**Exercise goal:** Your task is to repeat all of the data exactly while excluding the pictures.

────────────────

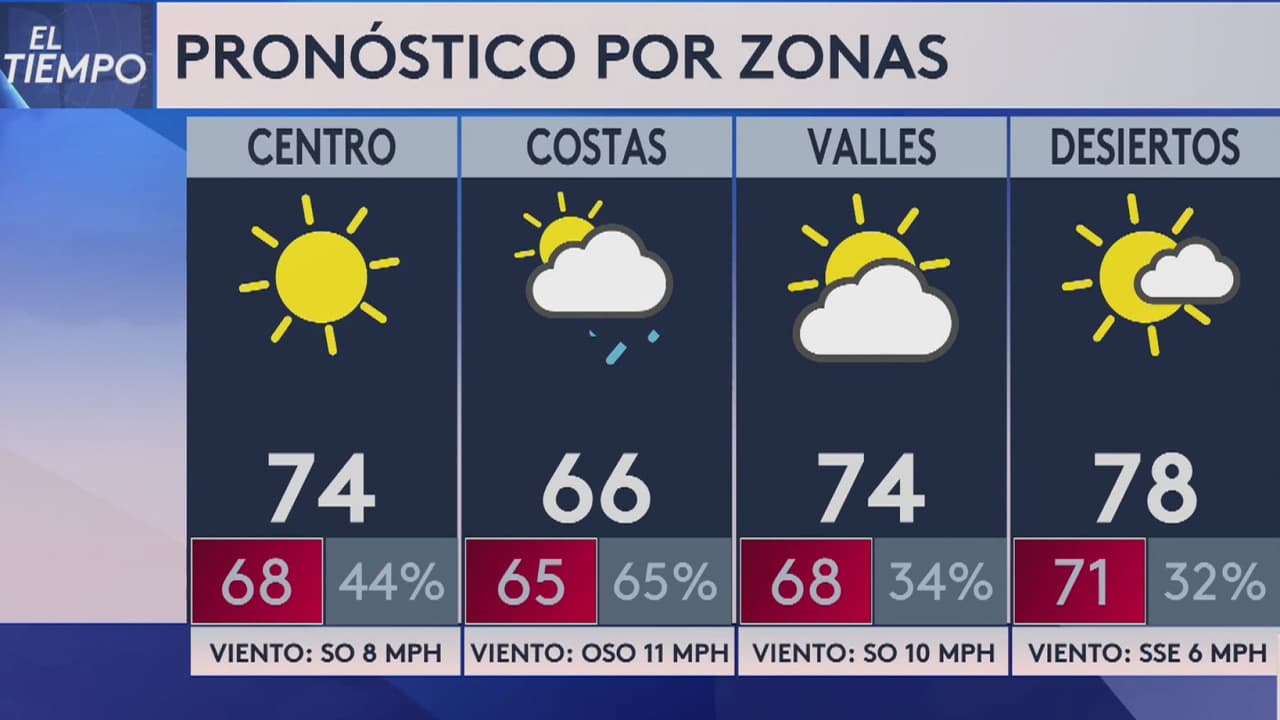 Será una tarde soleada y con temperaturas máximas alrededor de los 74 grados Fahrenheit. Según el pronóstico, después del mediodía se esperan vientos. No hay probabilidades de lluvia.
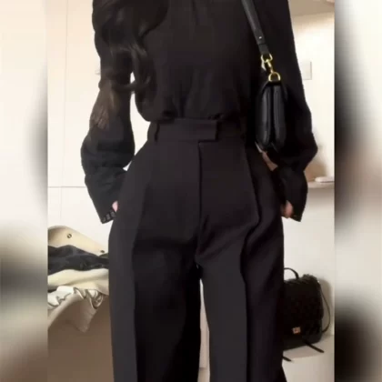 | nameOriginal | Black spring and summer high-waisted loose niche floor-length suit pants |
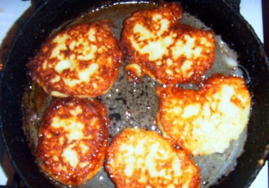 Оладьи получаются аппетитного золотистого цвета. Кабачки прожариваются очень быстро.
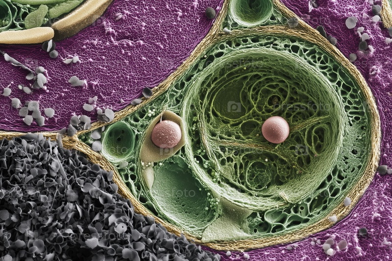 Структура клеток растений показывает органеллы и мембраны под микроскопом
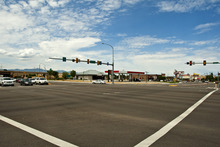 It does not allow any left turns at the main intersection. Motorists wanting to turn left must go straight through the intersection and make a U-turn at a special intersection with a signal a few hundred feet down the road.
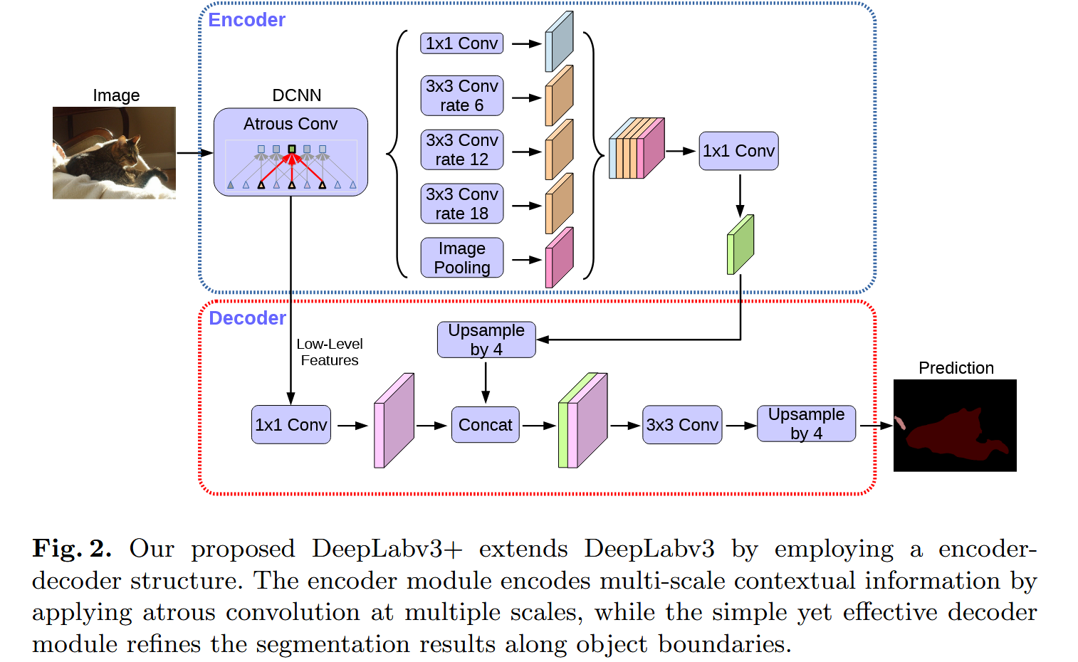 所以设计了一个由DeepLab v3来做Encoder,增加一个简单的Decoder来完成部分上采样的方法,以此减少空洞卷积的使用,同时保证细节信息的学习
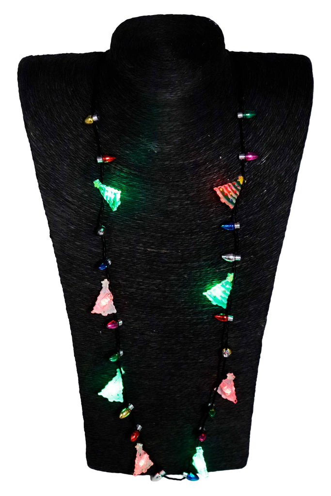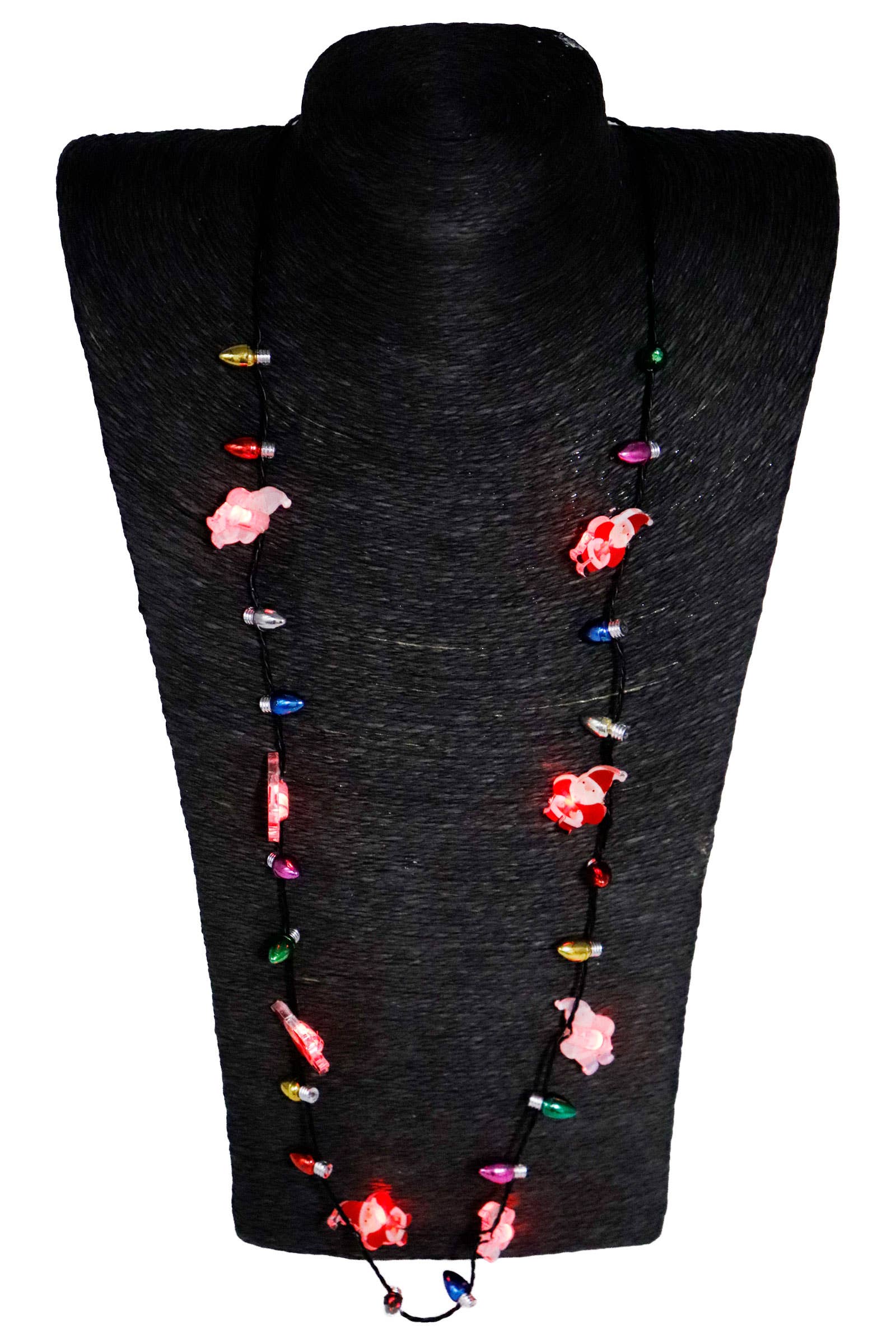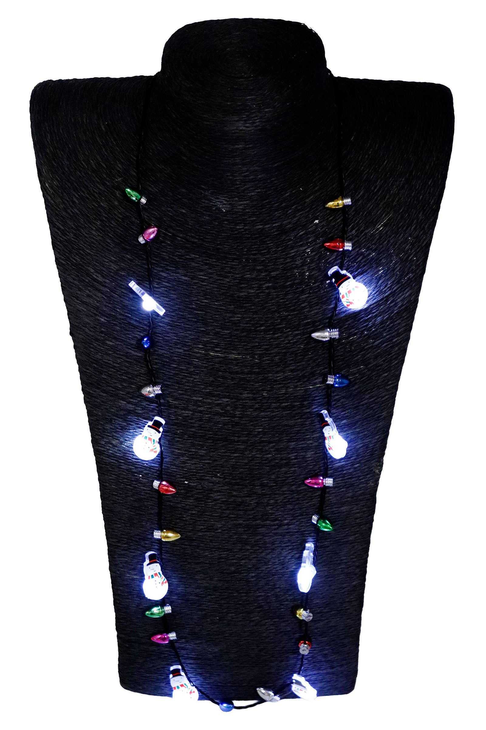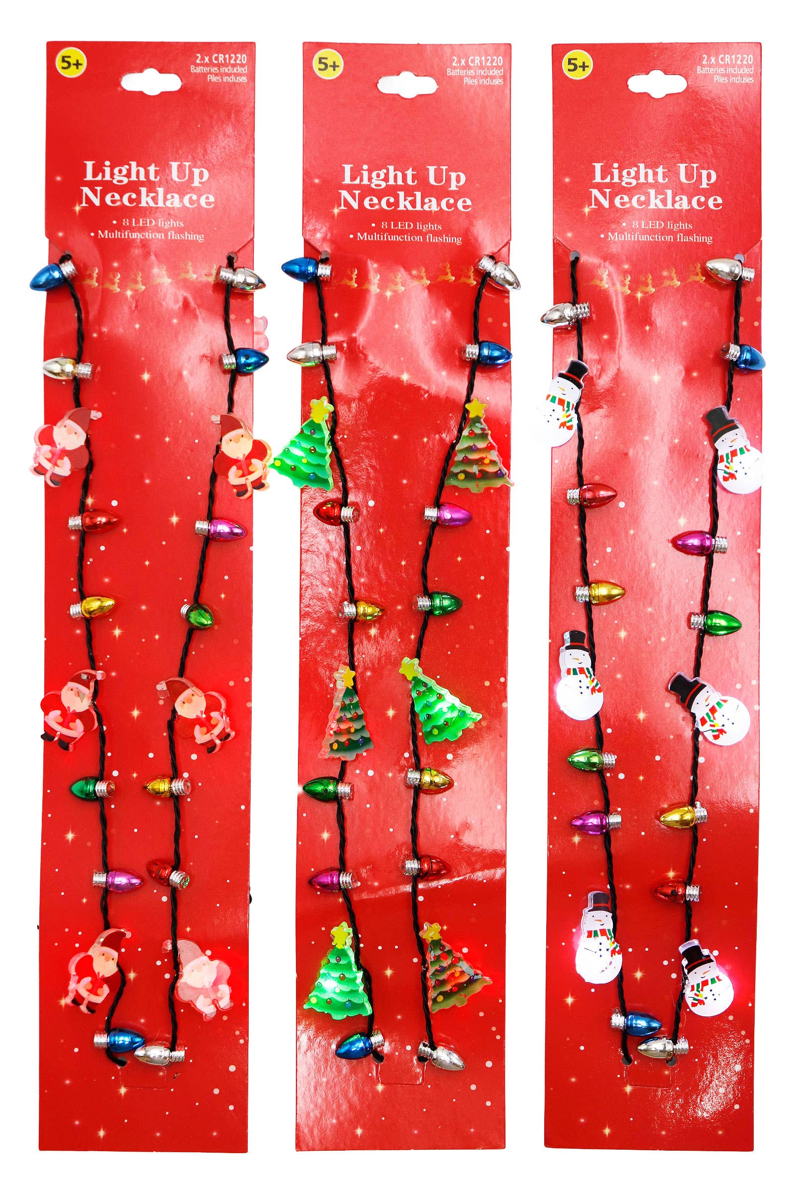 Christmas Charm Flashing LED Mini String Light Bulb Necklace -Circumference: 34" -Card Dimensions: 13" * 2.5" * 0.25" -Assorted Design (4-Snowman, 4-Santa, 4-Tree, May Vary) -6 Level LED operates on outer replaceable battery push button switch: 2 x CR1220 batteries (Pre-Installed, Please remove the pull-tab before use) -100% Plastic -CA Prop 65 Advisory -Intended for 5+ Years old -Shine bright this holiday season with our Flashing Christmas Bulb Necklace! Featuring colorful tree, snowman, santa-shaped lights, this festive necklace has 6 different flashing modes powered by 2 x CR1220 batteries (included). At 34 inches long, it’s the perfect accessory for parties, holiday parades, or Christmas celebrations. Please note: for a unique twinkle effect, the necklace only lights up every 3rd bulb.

────────────────

**Task result:**
 Será una tarde soleada y con temperaturas máximas alrededor de los 74 grados Fahrenheit. Según el pronóstico, después del mediodía se esperan vientos. No hay probabilidades de lluvia.
 | nameOriginal | Black spring and summer high-waisted loose niche floor-length suit pants |
 Оладьи получаются аппетитного золотистого цвета. Кабачки прожариваются очень быстро.
 Структура клеток растений показывает органеллы и мембраны под микроскопом
 It does not allow any left turns at the main intersection. Motorists wanting to turn left must go straight through the intersection and make a U-turn at a special intersection with a signal a few hundred feet down the road.
 所以设计了一个由DeepLab v3来做Encoder,增加一个简单的Decoder来完成部分上采样的方法,以此减少空洞卷积的使用,同时保证细节信息的学习
 Christmas Charm Flashing LED Mini String Light Bulb Necklace -Circumference: 34" -Card Dimensions: 13" * 2.5" * 0.25" -Assorted Design (4-Snowman, 4-Santa, 4-Tree, May Vary) -6 Level LED operates on outer replaceable battery push button switch: 2 x CR1220 batteries (Pre-Installed, Please remove the pull-tab before use) -100% Plastic -CA Prop 65 Advisory -Intended for 5+ Years old -Shine bright this holiday season with our Flashing Christmas Bulb Necklace! Featuring colorful tree, snowman, santa-shaped lights, this festive necklace has 6 different flashing modes powered by 2 x CR1220 batteries (included). At 34 inches long, it’s the perfect accessory for parties, holiday parades, or Christmas celebrations. Please note: for a unique twinkle effect, the necklace only lights up every 3rd bulb.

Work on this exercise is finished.